Henry Irving remained with the Wyndhams as "juvenile lead" until September 1859. In November 1856 Wyndham was Rolando in Tobin's The Honey Moon; in May 1857 he revived Macbeth, with Mrs. Wyndham as Lady Macbeth and Irving as Banquo; in December of that year they were successful with the pantomime Little Bo Peep, with Irving as "Scruncher, captain of the Wolves". A final performance at the Royal, doomed to destruction in order to make way for a post-office, took place on 25 May 1859, when Wyndham played Sir Charles Pomander in Masks and Faces; Mrs. Wyndham played Peg, and Irving played Soaper.

==The Queen's==
Wyndham now returned to the Queen's (the old Adelphi). He opened his first season there under royal letters patent on 25 June 1859, as Felix Featherley in Everybody's Friend. This was followed in July by The Heart of Midlothian, in which Montagu Williams and F. C. Burnand appeared as "distinguished amateurs"; and then London Assurance, with Williams as Charles Courtly, Irving as Dazzle, and Mrs. Wyndham as Lady Gay Spanker. In June 1860 Wyndham was Rory in Rory O'More, in June 1861 he played Myles in The Colleen Bawn, and in February 1862 Salem Scudder in The Octoroon.

The Queen's was burnt down on 13 January 1865 during the run of the Christmas pantomime, Little Tom Tucker. It was rebuilt and reopened as The Royal on 2 December 1865, in time for the next yearly pantomime, Robin Hood. A handsome presentation was made by the citizens of Edinburgh to Wyndham for his services to the drama in 1869. In 1871 he revived a number of Waverley dramas upon the occasion of the Scott centenary; but the star system was already in the ascendant, and this form of entertainment showed a diminished success.
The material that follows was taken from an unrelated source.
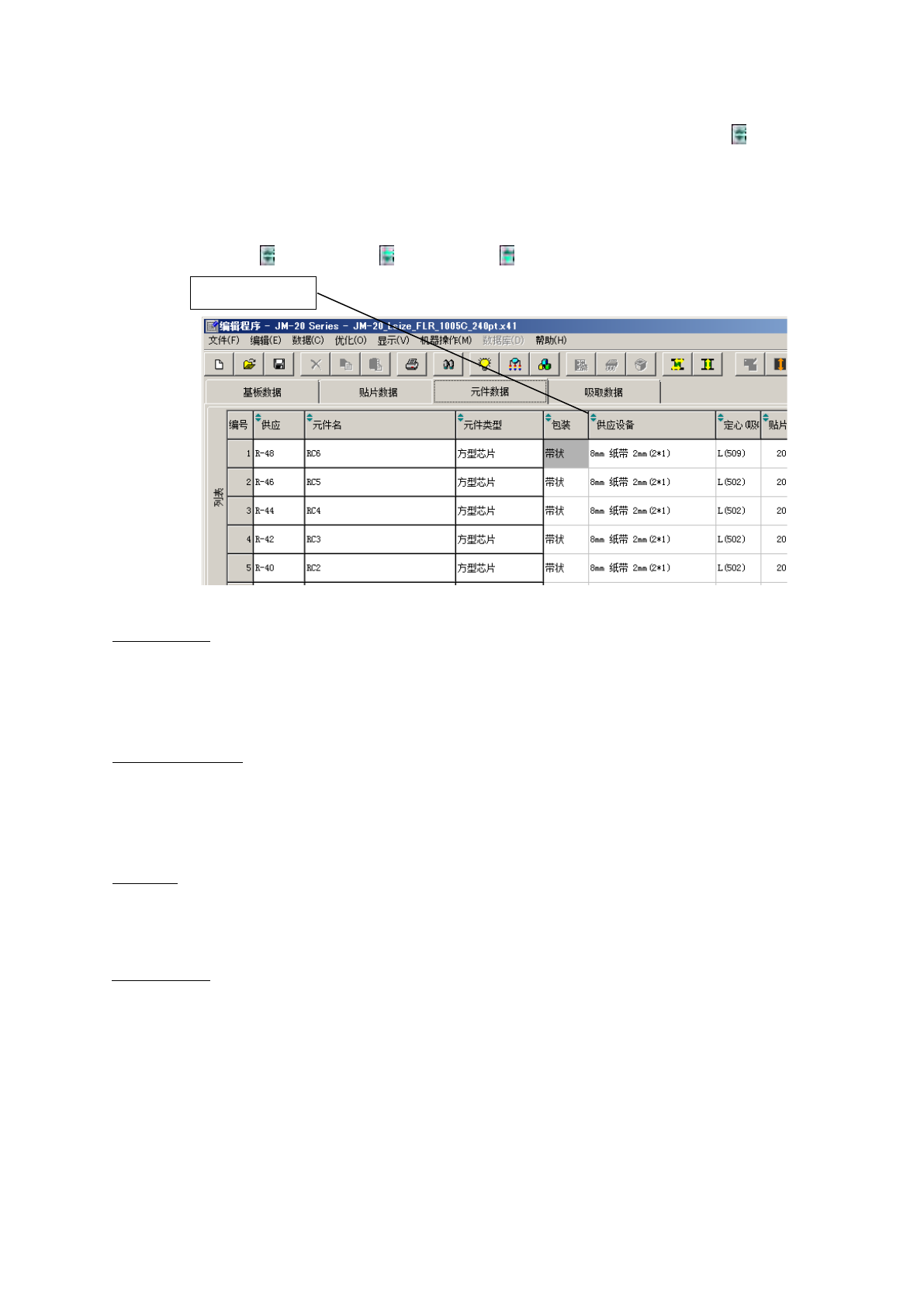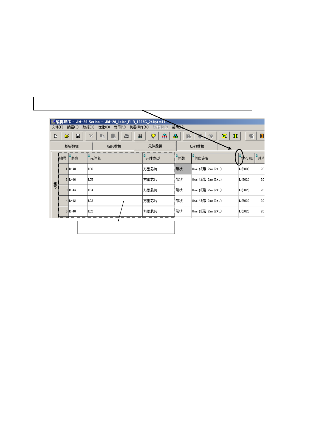 但是,在元件数据 列表画面上已标有元件名称、元件种类等的,即使画面滚动也固定显示的部分,

On 6 February 1875, during a run of Jack and the Beanstalk (in which A. W. Pinero was one of the performers), the Royal shared the fate of its predecessors, the Queen's and the Adelphi, the theatre upon this site being burned down for the third time under Wyndham's management.

Wyndham made his last appearance upon the Edinburgh stage on the opening night of the new Edinburgh Theatre, Castle Terrace, on 20 December 1875. As an actor, he was versatile, but is said to have excelled in light comedy and in Irish gentlemen. A year later he retired from his long and, upon the whole, successful management.

==Retirement==
He left Edinburgh and settled in Sloane Street, London, where he renewed relations, under altered circumstances, with Henry Irving. He became a familiar figure at the Garrick Club, and is described as one of the youngest-looking men of his age. Wyndham died at his home aged 80, on 16 December 1894, and was buried in Brompton Cemetery on 20 December. By his wife he had two daughters and one son.

Frederick W. P. Wyndham (1853–1930), his son, began as an actor and later, with John B. Howard (1841–1895) managed several theatres; in 1895 they formed the theatre management company Howard & Wyndham Ltd.

==In fiction==
Wyndham features as a character in Helen Graham's novel The Real Mackay: Walter Scott's favourite comedian (2024).